2. Можно по-разному оценивать византийское богословие в целом. Можно спрашивать себя, насколько тесный союз с государством пошел на пользу богословскому творчеству, не связал его, не поставил на нем своего рода искусственной точки или, во всяком случае, не сократил его порыв. Все это выходит за пределы нашей темы. Но одно несомненно: раз определив свое вероучение, выразив его в законченных, общеобязательных формулах, раз найдя свою Lex credendi10, Византийская Церковь осталась верна ей до конца и пронесла ее через всю свою историю, чтобы передать своим молодым славянским наследницам.

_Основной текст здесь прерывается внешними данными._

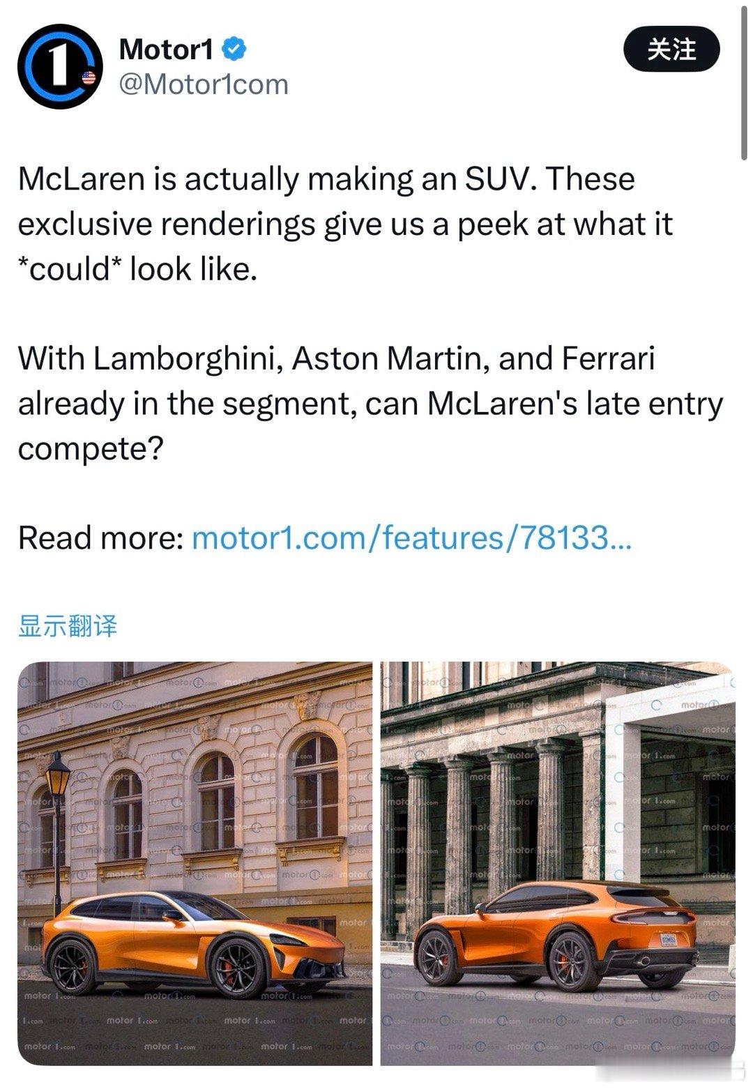 迈凯伦首款SUV 12月11日,据外媒Motor1爆料,“迈凯伦已确认正在打造首款SUV”,而从其独家的渲染图看来,该车型撞脸小米YU7。据消息透露,新车内部代号为P47,预计将搭载一套以V8发动机为核心的混合动力系统。
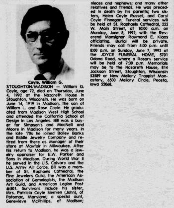 - William G. Coyle Jr. b. 14 Jun 1919, d. 4 Jun 1992
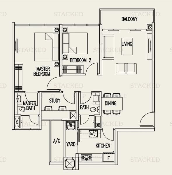 2 Bedrooms plus Study
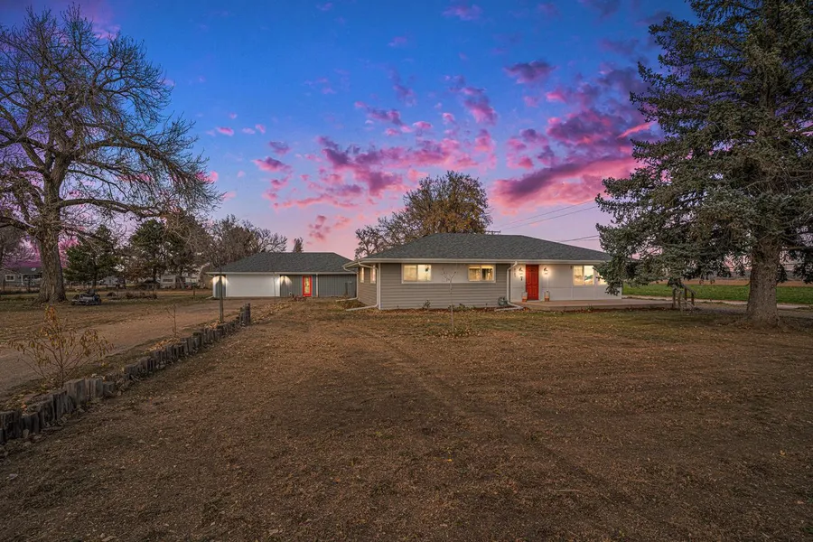 DETACHED HEATED SHOP. Updated ranch on 1.2 acres near historic downtown Johnstown. This well-maintained 3-bedroom, 2-bath home is situated on a quiet 1.2-acre lot with no HOA, offering flexibility for equipment, animals, hobbies, and outdoor use. The property provides both privacy and convenience with close proximity to schools, shopping, and downtown amenities. The home features an updated kitchen with laminate wood-plank flooring, stainless steel appliances, butcher block countertops, tile backsplash, and soft-close white cabinetry. The main living area offers an open layout with abundant natural light. Both bathrooms have modern updates, and the home provides comfortable, functional living throughout. A major highlight of the property is the approximately 1,700 sq. ft. heated detached garage/shop, designed for a wide range of uses. The shop includes epoxy flooring, full insulation, updated wiring, LED lighting, pellet stove heat source, and multiple additional rooms that work well for an office, storage, or hobby space. Exterior features include a spacious front porch, a large back deck overlooking the acreage, a separate storage/garden shed, and a chicken coop that remains with the property. Utility conveniences include city water and natural gas-no propane tank required. The home also benefits from a new roof and gutters installed in 2023. This property offers versatility, significant outbuilding space, and an ideal location near downtown Johnstown-suited for buyers seeking usable acreage with modern updates and excellent shop/garage facilities. May qualify for 100% USDA Financing.
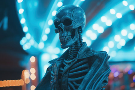 Neon carnival skeleton costume. Satanic holiday. Generate AI

И тут нет лучшего примера отстаивания своей веры до мелочей, чем занимающий такое огромное место в истории Византии вопрос об унии с Римом, вечно возобновляемые и никогда не удающиеся попытки пап покорить себе непокорный Восток.
Причины этой «униальной проблемы» чрезвычайно просты, и не в них заключается наш к ней интереса. Папству нужно было подчинение Востока, как нужно оно ему и сейчас; для Византии же оно было одним из главных средств политической игры – необходимости беспрерывно поддерживать равновесие между двумя одинаково враждебными, одинаково чуждыми ей силами: латинским Западом и мусульманским Востоком. Этого достаточно, чтобы объяснить настойчивость «униональной» темы в Византии и, главное, симпатии – искренние или не искренние – к ней византийских императоров. И вот, важно для нас то, что, несмотря на такие постоянные инициативы императоров, которым будто бы безоговорочно подчинена была Церковь, – все эти попытки неизменно, как стекло, разбивались о несокрушимое сопротивление Церкви. От Алексея Комнена, то есть с конца XI, и до середины XV века, можно насчитывать одних только главных попыток 28, не включая сюда почти непрекращавшиеся переговоры и дипломатические сношения. Ни одна из этих попыток не удалась.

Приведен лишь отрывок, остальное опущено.